New
Dentsu Ventures in Japan
by David Kilburn
The palpitations that WPP’s
acquisition of Y&R caused for Dentsu were soon allayed when Sir
Martin gallantly wrote giving wholehearted support for the Dentsu
Young & Rubicam joint venture, which handles much of Dentsu’s
business across Asia.
Dentsu’s management could
then return to practising the skills they know best building market
share in Japan. This has more than the usual urgency. With an IPO
due towards the end of 2001, it is especially important to Dentsu to
show solid revenue growth in the run up to the offering. With the
domestic market flat, or in slow decline, market share growth of at
least one point and preferably two for 2000 and 2001 is desirable.
Since Dentsu already has
roughly a 24% share of Japan’s £23.7 Billion advertising market,
any increase in share will inevitably cause pain to other agencies.

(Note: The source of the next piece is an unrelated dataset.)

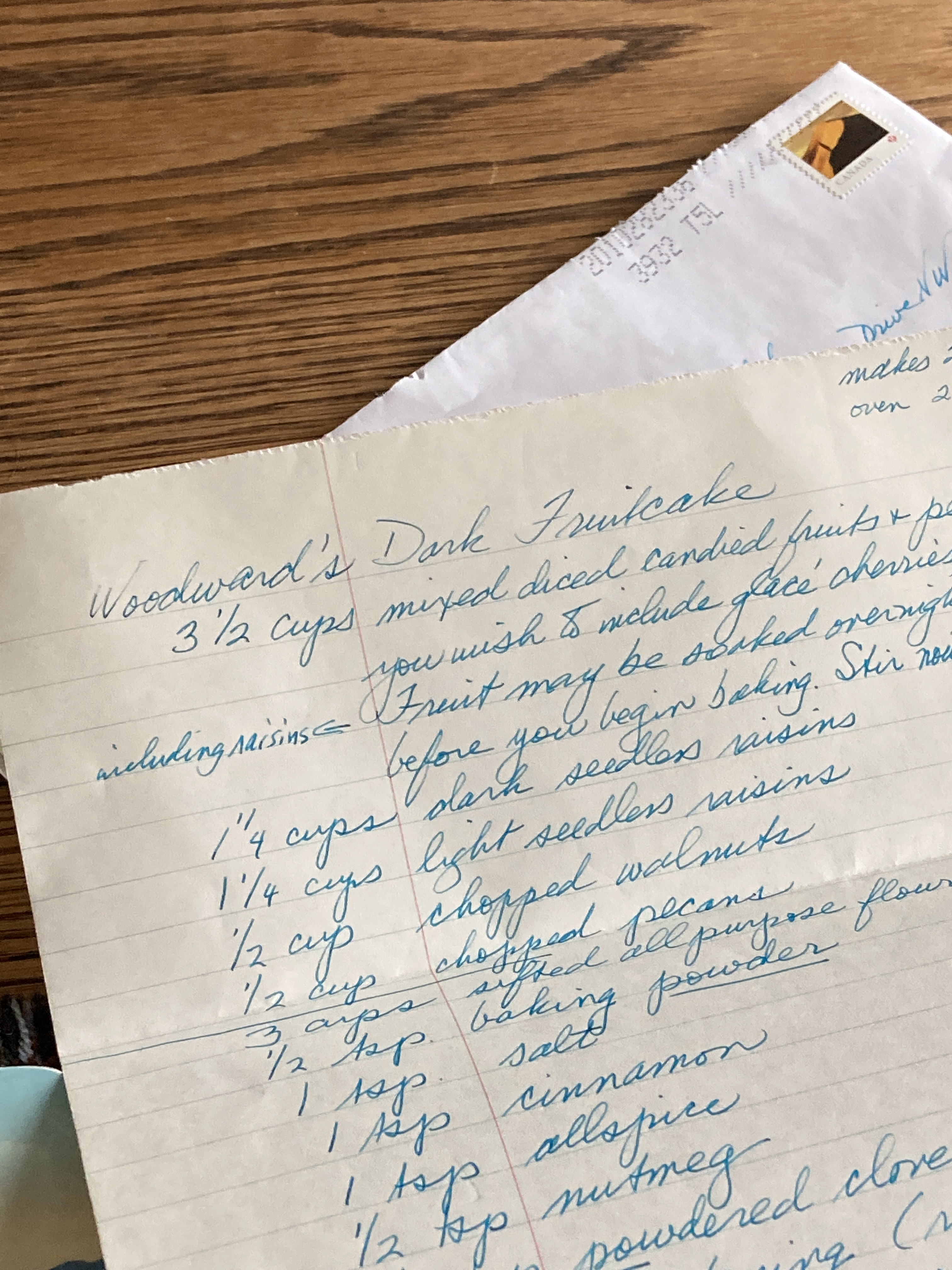 When Eileen posted about the dark fruitcake, I asked for, and received, a beautifully hand-written copy of the recipe in the mail. The whole exchange was so old school and delightful and nostalgic, for a moment I thought I would hand copy ALL my recipes, electronic or otherwise. I have recipes scribbled on scraps of paper attached to our fridge, in cookbooks, in notebooks, on Pinterest, this blog, in my purse, pockets, and in several cookbooks I started typing and then abandoned. The idea became overwhelming. It was ditched as quickly as it was thought.

Two developments in the past
month should help Dentsu on its way.
At the start of June, Dentsu
formed a new joint venture agency with NTT DoCoMo, a Dentsu client
and the dominant force in Japan’s mobile voice and wireless
Internet markets. Called D2, the agency doubles as a media
representative and is the sole route for advertisers wishing to
advertise on I-mode, DoCoMo’s wireless Internet service. I-mode
currently has about 7.1 million subscribers and is expected to have
13 million by year-end. D2 is expected to take a 10% share of Japan’s
Internet advertising spend during its first year. Since neither of
DoCoMo’s rivals has yet accumulated enough subscribers to make
their own wireless Internet services viable as advertising media, D2
becomes the gateway for all wireless Internet advertising in Japan.
Dentsu’s 46% equity share of D2 should help consolidate its
leadership position in the fast-growing Internet advertising market
in Japan.
A short while later, BCOM3
announced they were merging their Leo and D’Arcy shops in Japan to
create a new agency, Beacon, in which Dentsu will take a significant
minority interest (in addition to its 20% stake in BCOM3). According
to Phil Rubel, president of Beacon, the new agency will bill Yen 45
Billion at outset and aims to join Japan’s top ten within three
years. Such growth targets call for the agency to increase its
billings by about 50%.
Rubel believes Beacon creates
a new and highly competitive force in Japan’s advertising industry
"Not only international companies want their brands in Japan
treated by Global Standards, so now do the majority of domestic
Japanese clients. What they don’t want to lose are the tactical
advantages of working with very large Japanese agencies. We can now
offer a unique alternative we have the combination of two
sophisticated agencies long established in Japan that are
international and the unparalleled resources of Dentsu’s Japan’s
largest agency," Rubel said.
Beacon’s official launch
date is October 1st, by when STARCOM are also expected to start-up
in Japan.
The net effect of both
initiatives should be to increase Dentsu’s market share on an
equity-adjusted basis by almost 2% by the end of 2001. The squeeze
on other agencies has already begun, working as a troika, Dentsu,
Burnett, and D’Arcy have already prized Coca Cola’s canned
coffee account and Polaroid from Hakuhodo.